They don’t understand, in particular, that getting the government involved in health care wouldn’t be a radical step: the government is already deeply involved, even in private insurance. And that government involvement is the only reason our system works at all.Here's an obvious question, which came first, a screwed up system or government involvement? I don't know, but when has government done anything well? To Mr. Krugman everything the government does is de facto good and everything the private sector does is bad. The madness continues:
Yet private markets for health insurance, left to their own devices, work very badly: insurers deny as many claims as possible, and they also try to avoid covering people who are likely to need care. Horror stories are legion: the insurance company that refused to pay for urgently needed cancer surgery because of questions about the patient’s acne treatment; the healthy young woman denied coverage because she briefly saw a psychologist after breaking up with her boyfriend.Deny as many claims as possible? Is their any truth to this argument, no. Just his ludicrous assertion. If insurance companies are denying everybody and their mother then why do people get any insurance in the first place? If I know I am not going to get covered in my time of need then why would I or anyone else purchase it? You wouldn't. The fact that people purchase it means they must get paid out. It is simply disingenuous to claim that insurers make their money by stiffing their customers. It is apparent that this is the view he takes for all profit making enterprises. Not that they exchange value for value, but one party robs the other party.
Horror stories are legion? Yet another fatuous claim with no evidence to support it. He discredits this later with:
Still, most Americans do have health insurance, and are reasonably satisfied with it. How is that possible, when insurance markets work so badly? The answer is government intervention.How can those same Americans who have such bad experiences be satisfied?
Avoid covering people who are likely to need care? Well, duh! Here's some reality, people who are likely to need care shouldn't get insurance. Insurance is used to mitigate rare catastrophic events. Not likely events. If we want to subsidize the care of people who already have conditions, then do it! Don't blame insurance companies for this. Either Mr. Krugman fundamentally doesn't understand the concept of insurance or he is pushing his agenda (I vote for the latter). He can read up on insurance here. Wait, I am receiving some news folks, apparently he does understand the concept of insurance.
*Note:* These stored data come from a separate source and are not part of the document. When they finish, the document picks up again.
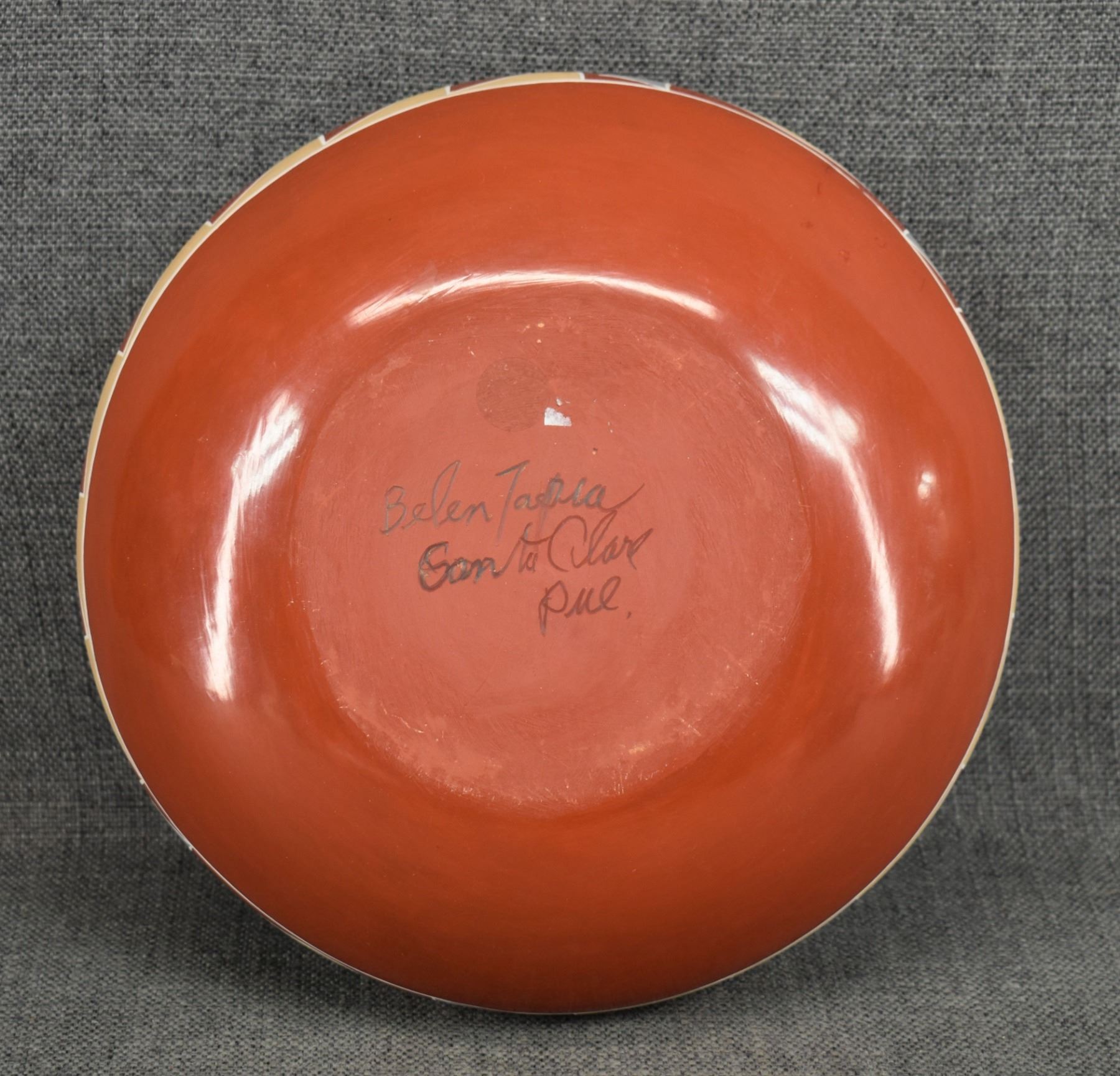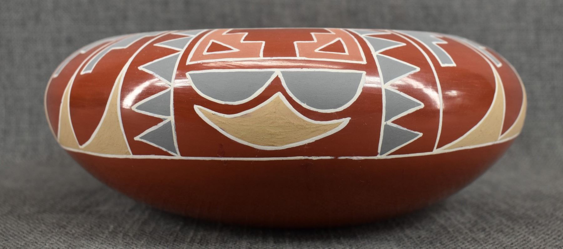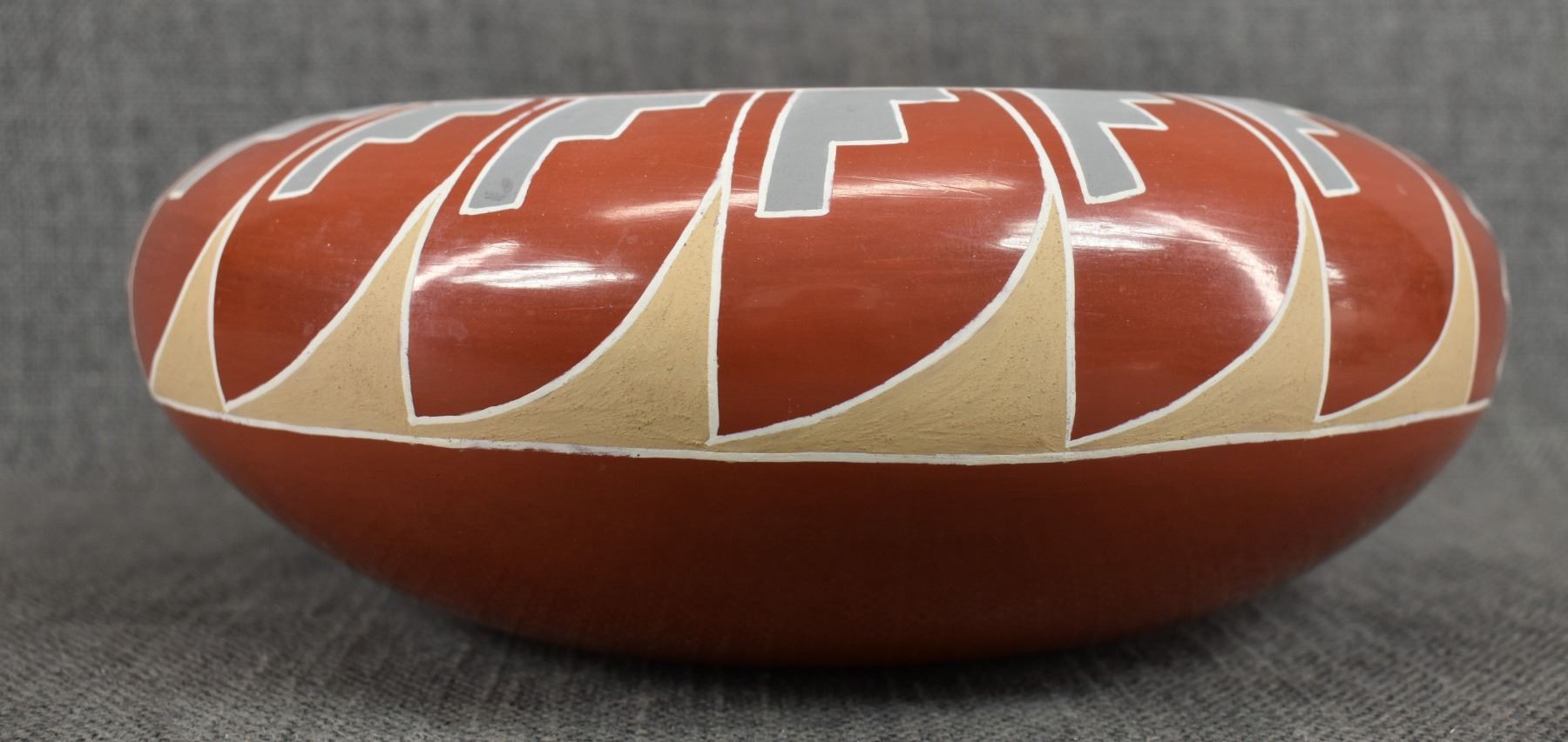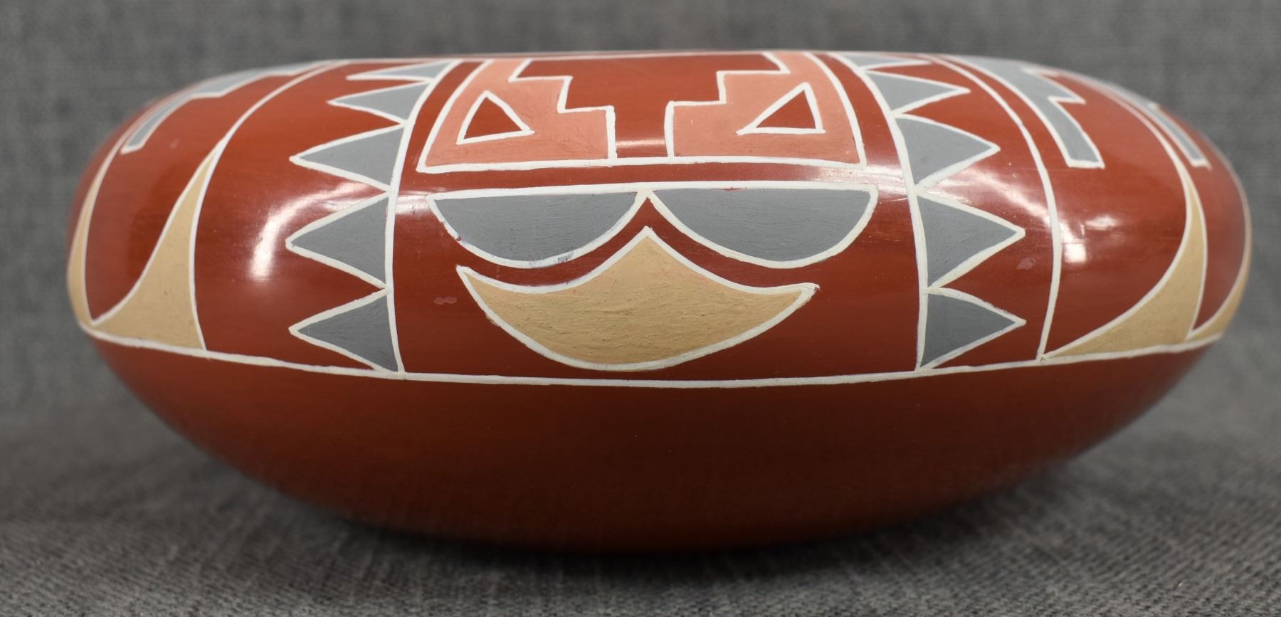 1960s 70s Santa Clara. Hand coiled and painted Polychrome design signed Belen Tapia 4" x 10"
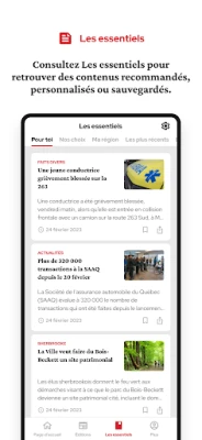Votre temps est compté ? Découvrez la section Les essentiels où vous aurez le choix entre la vue Pour vous, un fil de nouvelles taillé sur mesure en fonction de vos intérêts, Nos choix, un fil de nouvelles triées sur le volet par notre équipe de rédaction ou Ma région, où vous retrouverez toutes vos informations locales.
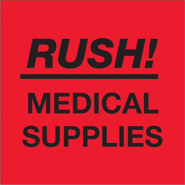 4 x 4" - "Rush - Medical Supplies" (Fluorescent Red) Labels
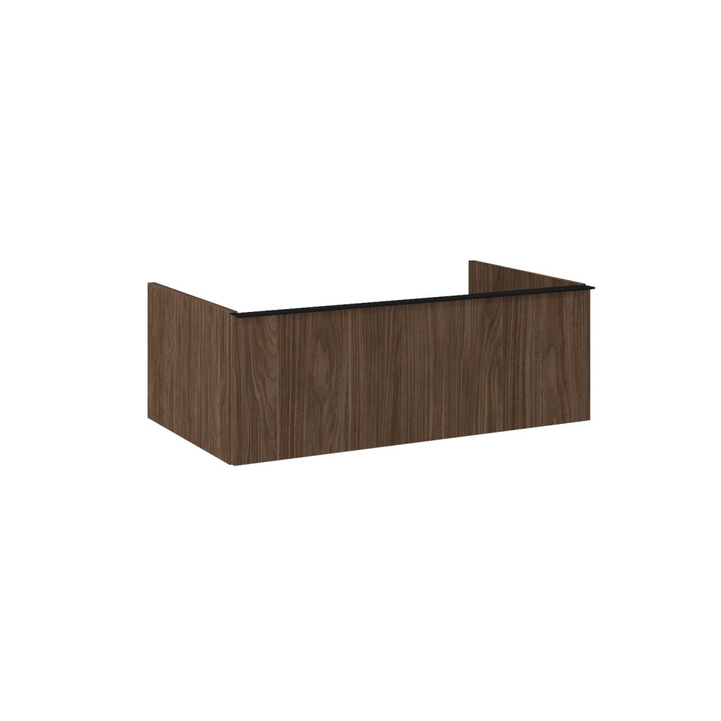 Skříňka série Look o šířce 80 cm, bez vrchní části, 1 zásuvka s tichou samozavírací funkcí a úplným vysouváním. Skříňka je vyrobena z materiálů odolných vůči vlhkosti, přední část a tělo lakované v barvě ořech Lincoln. Výrobek je určen pro funkci umyvadlové skříňky pomocí pracovní desky, umyvadla na desku a sifonu, který šetří místo.
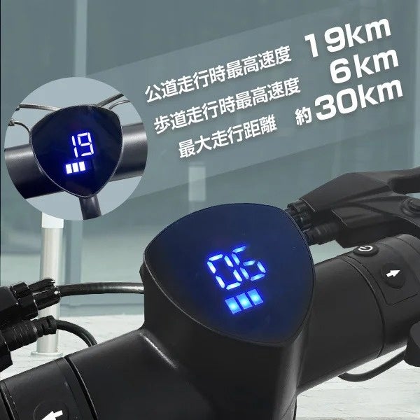 見やすい液晶ディスプレイで、バッテリー残量と走行スピードを誰でも簡単に確認可能。
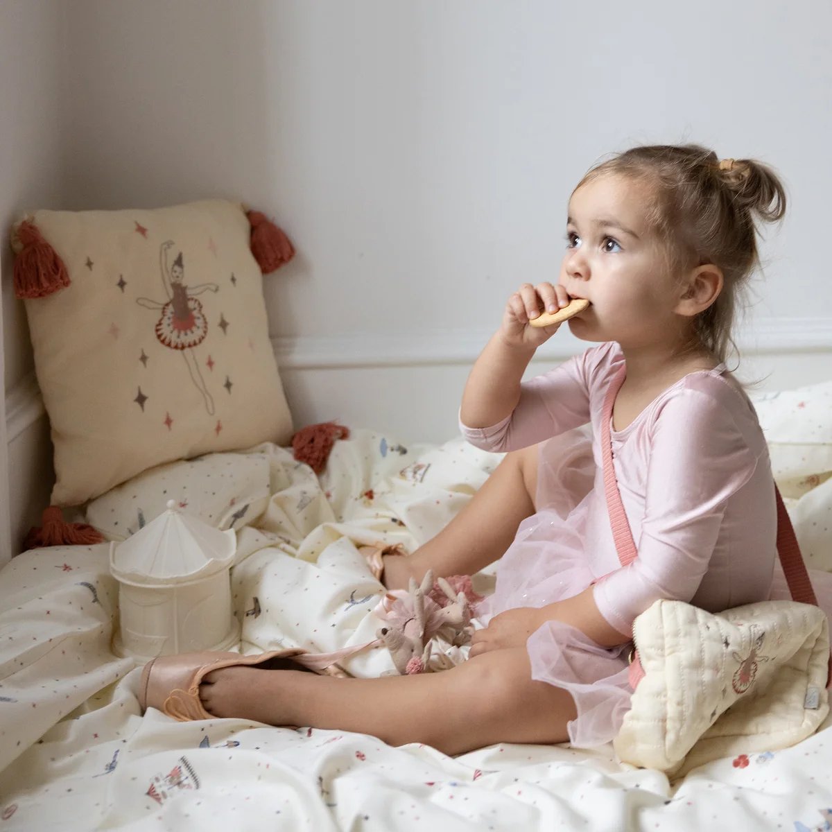 Ob als Kuschelkissen, dekoratives Element oder liebevolles Geschenk – das bestickte Kissen setzt sanfte, elegante Akzente und schafft eine behagliche Atmosphäre, in der Kinder sich rundum wohlfühlen können.

The key thing you need to know about health care is that it depends crucially on insurance. You don’t know when or whether you’ll need treatment — but if you do, treatment can be extremely expensive, well beyond what most people can pay out of pocket. Triple coronary bypasses, not routine doctor’s visits, are where the real money is, so insurance is essential.You don't know when you'll need treatment? Then why lambaste insurance companies for refusing to insure people who do know that they'll need treatment?
Here's another gem by Mr. Krugman:
Still, most Americans under 65 do have some form of private insurance. The vast majority, however, don’t buy it directly: they get it through their employers. There’s a big tax advantage to doing it that way, since employer contributions to health care aren’t considered taxable income. But to get that tax advantage employers have to follow a number of rules; roughly speaking, they can’t discriminate based on pre-existing medical conditions or restrict benefits to highly paid employees.He says this (I assume with a straight face, his mind is obviously in knots) as if employer paid health insurance was by design. Uh, no. It was created as a work around to wage controls imposed by...government! The employer system we have today is one of the reasons our system is such a mess and he has the audacity to claim this as a good thing. I forgot, government inadvertently did it, so it must have been divine intervention.
Restrict benefits to highly paid employees. Stop the train folks. How many Nobel's does it take not to be an idiot? Apparently more than one. Regardless of who gets health care from the employer, there is only one person who pays for it? If you guessed the employee go to the head of the class. Any benefit the company gives you is less money they would have given you. There is absolutely no reason for a company to discriminate any employee because the company doesn't pay for the coverage in the first place. You do. This whole argument by Mr. Krugman is a result of his psychologically entrenched class warfare argument that has no basis in reality.
Here's the last bit of insanity (before my head explodes):
Right-wing opponents of reform would have you believe that President Obama is a wild-eyed socialist, attacking the free market. But unregulated markets don’t work for health care — never have, never will.Why don't free markets work in health care? Because people want services that they don't have to pay for. That doesn't work in free markets. It doesn't work in socialist utopias. It doesn't even work in the Communist Republic of Obama. There is no free lunch!
...
Now Mr. Obama basically proposes using additional regulation and subsidies to make decent insurance available to all of us. That’s not radical; it’s as American as, well, Medicare.
Oh, by the way. A program that has been around for 40 years isn't exactly American like apple pie and baseball.